Saturday, March 22, 2014

Sepenggal Kisah Kepemimpinan Rasulullah saw.

Wahai, Lelaki yang Waktunya Habis untuk mengingat Tuhan, Wahai Kekaih Allah, Wahai Rasululluah..., shalat yang engkau imami barusan mengganggu pikiran Umar, salah seorang sahabat dekatmu. Setiap gerakanmu di depan sahabat-sahabatmu terkesan berat dan sukar. Ada bebunyian yang demikian mencolok, seolah persendianmu saling gesek satu sama lain. Shalat kali ini lebih lama dari biasanya.
Usai shalat, Umar yang begitu khawatir dengan kondisimu lalu mendatangi Nabi sekaligus sahabat tercintanya: dirimu. Berhati-hati dia duduk di sebelahmu dan serta-merta engkau sambut dengan senyum. Dia pikir, tidak usah berbasa-basi. “Ya Rasulullah, kami melihat seolah-olah engkau menanggung penderitaan yang amat berat. Sakitkah engkau, ya, Rasul?”
Engkau tersenyum sembari menggeleng, “Tidak, wahai Umar. Alhamdulillah, aku sehat.”
Umar menahan kata-katanya, supaya tidak terburu-buru jadinya. “Mengapa setiap kali engkau menggerakkan tubuh, kami mendengar seolah-olah sendi di tubuhmu bergesekan?” Ekspresi Umar memperlihatkan rasa prihatin, penuh kasih sayang, dan rasa khawatir. “Kami yakin engkau sedang sakit.”
Engkau tersenyum lagi. Tidakkah wajahmu memang terlihat sedikit pucat hari ini? Toh, senyummu seperti menjadi pelipur lara terbaik bagi sesuatu yang tidak engkau katakan, meski kepada Umar, sesuatu yang tidak engkau katakan tidak mampu membuatnya tidak kentara.

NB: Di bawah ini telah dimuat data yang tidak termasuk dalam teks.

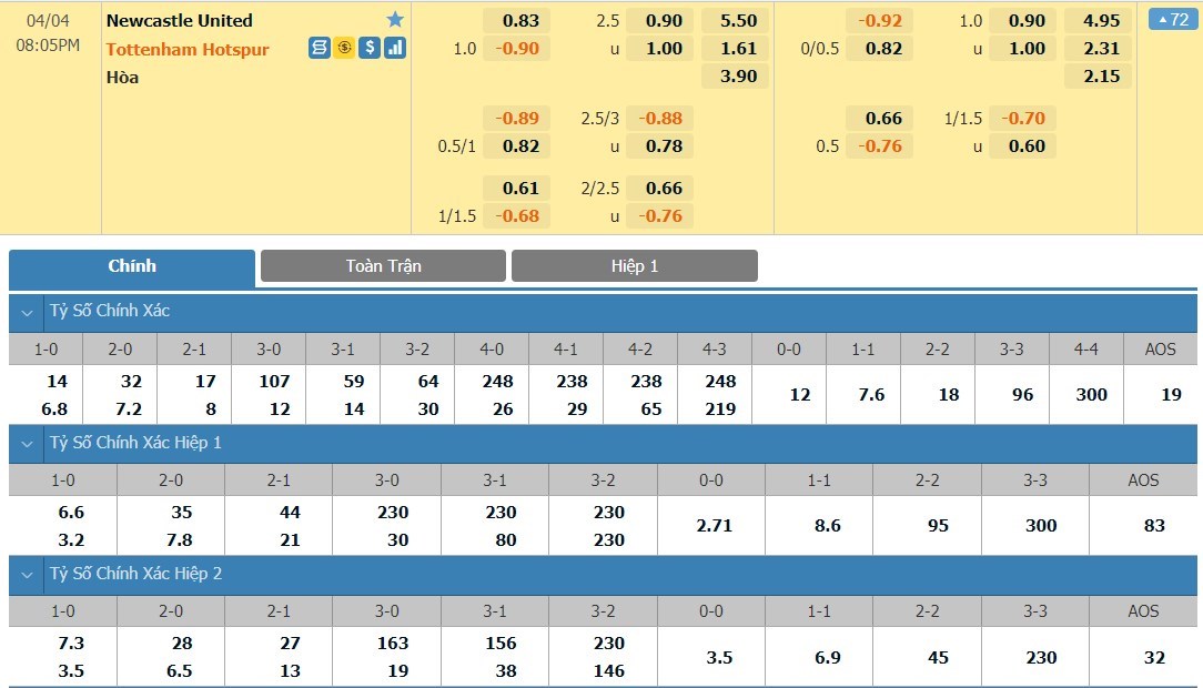 Tỷ lệ kèo cá cược bóng đá trực tuyến trận Newcastle United vs Tottenham

Karena merasa jawaban “tidak” atau “aku baik-baik saja” sudah tak mencukupi lagi, engkau lantas berdiri, mengangkat jubahmu, hingga bagian perutmu terlihat nyata. Seketika Umar dan setiap orang yang ada di mesjid itu terpana. Tampak begitu kempis perutmu. Perut itu dililit oleh kain yang membuntal, berisi kerikil-kerikil. Engkau mengganjal laparmu dengan kerikil-kerikil itu. Kerikil-kerikil yang menimbulkan suara berisik ketika engkau mengimami shalat. Kerikil-kerikil yang memancing keingintahuan Umar dan menyangka dirimu sedang dalam kondisi sakit yang serius.
“Ya, Rasul,” suara Umar bergetar oleh rasa iba dan penyesalan, “apakah jika engkau mengatakan sedang lapar dan tidak punya makanan, kami tidak akan menyediakannya untuk engkau?”
Engkau menutup lagi perutmu dengan helai jubahmu yang menjuntai. Engkau menatap Umar dengan pancaran cinta uang utuh, “Tidak, Umar. Aku tahu, apapun akan kalian korbankan demi aku. Akan tetapi, apa yang harus kukatakan di hadapan Allah nanti jika sebagai pemimpin aku menjadi beban bagi umatku?”
Engkau mengedarkan pandanganmu ke sahabat-sahabatmu yang lain, “Biarlah kelaparan ini sebagai hadiah dari Allah untukku agar umatku kelak tidak ada yang kelaparan di dunia, terlebih di akhirat.”
Siapapun yang mendengar kalimatmu seketika terdiam. Ada yang berdenyar merambat ke bola mata mereka. Beberapa terisak oleh haru. Umar maklim bahwa dia tak kan sanggup melangkah lebih jauh, memaksa engkau untuk mengikuti kehendaknya. Dia pun hanya terdiam membiarkan detik-detik berjalan satu per satu.
-Bab 22. Kabar dari Mekkah~Lelaki Penggenggam Hujan-
al-Quran surat Al-Ahzab, 33: 21 :
لَقَدْ كَانَ لَكُمْ فِي رَسُولِ اللَّهِ أُسْوَةٌ حَسَنَةٌ لِمَنْ كَانَ يَرْجُو اللَّهَ وَالْيَوْمَ الآخِرَ وَذَكَرَ اللَّهَ كَثِيرًا
"Sesunggunya pada diri Rasulullah saw. terdapat contoh tauladan bagi mereka yang menggantungkan harapannya kepada Allah dan Hari Akhirat serta banyak berzikir kepada Allah."